His team's preliminary analysis of available studies shows that "placebos duplicate 90 percent of the drug response," which suggests that the drugs' benefit is primarily psychological. Less risky strategies such as "exercise, cognitive-behavior therapy, depression-management skills, sports, or just good parenting" should be considered first, he says, adding that, speaking as a father of a 5-year-old, "this is a really important issue when it comes to protecting our children."

Britain cited health risks when it banned six brands of antidepressants for children under 18. In the United States, only Prozac has been deemed effective by the FDA in treating children for depression, but doctors are legally free to prescribe other antidepressants and have been doing so routinely.

In October the FDA alerted doctors to reports of suicidal tendencies found among children participating in clinical tests of antidepressant drugs. Wyeth, the pharmaceutical company that makes the antidepressant Effexor, had warned doctors in August that its drug caused an increased risk of suicidal behavior in children.

Antidepressants are heavily advertised by drug companies to the general public and are used to treat depression, obsessive-compulsive disorder, social phobias, and anxiety disorders.
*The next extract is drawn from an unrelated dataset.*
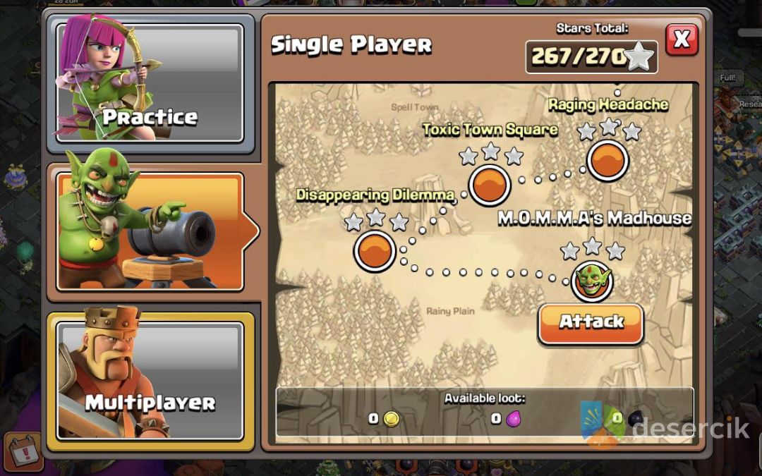 Aktualnie kampanie obejmują 50 poziomów, z czego każdy ocenia się w skali do 3 gwiazdek – co daje łącznie 150 możliwych gwiazdek. Zdobywając je wszystkie odblokujesz osiągnięcie „Get those Goblin!” i otrzymasz dodatkowe 35 diamentów, co choć niewielkie, to jednak przyjemnie zaokrągla cały farming kampanii.

The drugs are classed as SSRIs or selective serotonin reuptake inhibitors. Millions of prescriptions for them are written each year. The FDA says that more than 10 million children and teens 17 and under took antidepressants in 2002. The drugs under review by the FDA are known by the brand names Remeron, Serzone, Effexor, Wellbutrin, Celexa, Luvox, Paxil, Zoloft, and Prozac.

The Pediatric Research Equity Act of 2003, signed into law last November by President Bush, provides the FDA with authority to require studies of the effects of pharmaceutical products specifically on children to ensure that they are both safe and effective.

Material from wire services was used in this report.